My research themes include reticulate evolution in phylogenetics and population genetics (the inference and analysis of ancestral recombination graphs and phylogenetic networks) and gene tree-species tree problems (reconciliation inference and analysis, and species tree inference).
Projects that I am currently working on, with collaborators, include:
Species tree inference under gene tree recombination;
Population genetics analyses based on the ancestral recombination graph;
Sequence analyses of the antigen-encoding var genes of the malaria parasite;
Inferring incomplete lineage sorting and copy number hemiplasy in gene tree-species tree relationships;
Methods to build phylogenetic networks for duplicate gene recombination, and to reconcile them to a species tree or network.
I am also interested in enumerative combinatorics and statistical mechanics. I seek to analyse the properties of models of physical systems such as magnets, gases or polymers, either by searching for an exact solution or by using numerical tools such as series expansions or Monte Carlo simulations. I am interested in combinatorial methods used in pursuit of these goals, in particular corner transfer matrix-related methods, which I have developed significantly. I am further interested in using these and other tools for the efficient enumeration of combinatorial objects such as walks or animals, which can be used to model polymers or knots.
Other areas of research that I have explored include statistics (classification and clustering methods for high-dimensional datasets, as well as specific applications related to protein imaging analysis and mining) and operations research (with a focus on specific applications - mining and wireless communications). I am interested in possible cross-disciplinary applications of such work.
If you are interested in my work, please do not hesitate to contact me.
Publications
He, W., Scornavacca, C., and Chan, Y. (2024). The accuracy of species tree inference under gene tree dependence. Submitted to PLoS Comp. Biol.
Huang, Z., Kelleher, J., Chan, Y., and Balding, D. J. (2024). Estimating evolutionary and demographic parameters via ARG-derived IBD. Submitted to PLoS Comp. Biol..
Chan, Y. (2024). An efficient algorithm for the reconciliation of a gene network and species tree. WABI 2024, to appear.
Tan., M. H., Tiedje, K. E., Feng, Q., . . . , Shim., H., Chan, Y., Day, K. P. (2023). A paradoxical population structure of var DBLα types in Africa. Submitted to PLoS Pathogens.
He, M., Chan, Y., and Hautphenne, S. (2023). Approximate Bayesian computation for Markovian binary trees in phylogenetics. Submitted to Bioinformatics.
Li, Q., Chan, Y., Galtier, N., and Scornavacca, C. (2024). The effect of copy number hemiplasy on gene family evolution. Syst. Biol. 73(2), 355-374.
Tan, M. H., Shim, H., Chan, Y., and Day, K. P. (2022). Unravelling var complexity: Relationship between DBLα types and var genes in Plasmodium falciparum. Frontiers in Parasitology 1, 12.
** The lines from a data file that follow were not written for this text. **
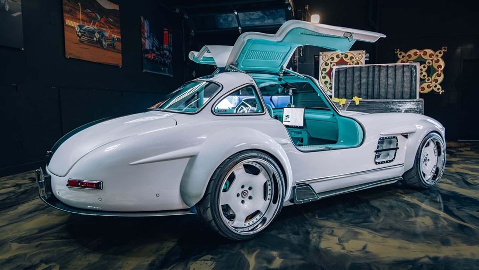 در اینجا، افراد S-Klub LA یک تسلا مدل 3 را برداشته و یک نسخه بازسازیشده مرسدس 300SL روی آن ساختهاند. بدنه از ابتدا دوباره ساخته شده و تماماً از فایبرگلاس است. از بیرون بهطور کامل یک Gull Wing دیده میشود، اما در داخل یک تسلا Model 3 با تودوزی آبی و چند پنل تغییر یافته، البته فضای تسلا را تنها در قسمت جلوی خودرو حس میکنید، زیرا خودرو بهصورت دو نفره است.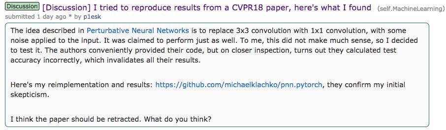 事情是这样的,有人试着去复现了CVPR 2018的一篇论文——CMU和密歇根州立大学的《Perturbative Neural Networks》,发现得不到作者在论文中所描述的结果,他认为这表明论文作者计算有误,因此其结果无效,于是就在Reddit发帖(在他大前天向作者发邮件但没有收到回复后)问众网友: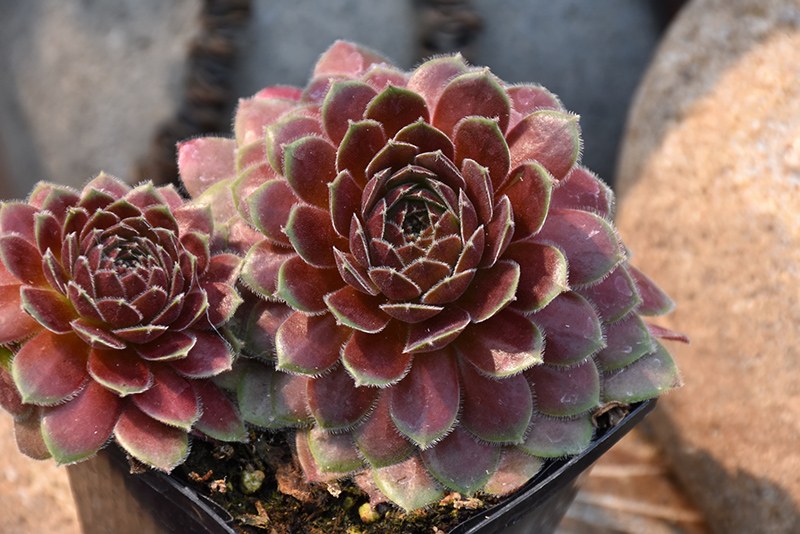 Chick Charms® Berry Bomb™ Hens And Chicks will grow to be only 2 inches tall at maturity extending to 8 inches tall with the flowers, with a spread of 6 inches. When grown in masses or used as a bedding plant, individual plants should be spaced approximately 6 inches apart. Its foliage tends to remain low and dense right to the ground. It grows at a medium rate, and under ideal conditions can be expected to live for approximately 20 years. As an herbaceous perennial, this plant will usually die back to the crown each winter, and will regrow from the base each spring. Be careful not to disturb the crown in late winter when it may not be readily seen!

Chan, Y., Li, Q., and Scornavacca, C. (2022). The large-sample asymptotic behaviour of quartet-based summary methods for species tree inference. J. Math. Biol. 85(3), 1-22.
Mahmoudi, A., Koskela, J., Kelleher, J., Chan, Y., and Balding, D. J. (2022). Bayesian inference of ancestral recombination graphs. PLoS Comp. Biol. 18(3), e1009960.
Feng, Q., Tiedje, K., Ruybal-Pesántez, S., Tonkin-Hill, G. Q., Duffy, M., Day, K. P., Shim, H., and Chan, Y. (2022). An accurate method for identifying recombinants from unaligned sequences. Bioinformatics 38(7), 1823-1829.
Li, Q., Scornavacca, C., Galtier, N., and Chan, Y. (2021). The multilocus multispecies coalescent: a flexible new model of gene family evolution. Syst. Biol. 70(4), 822-837.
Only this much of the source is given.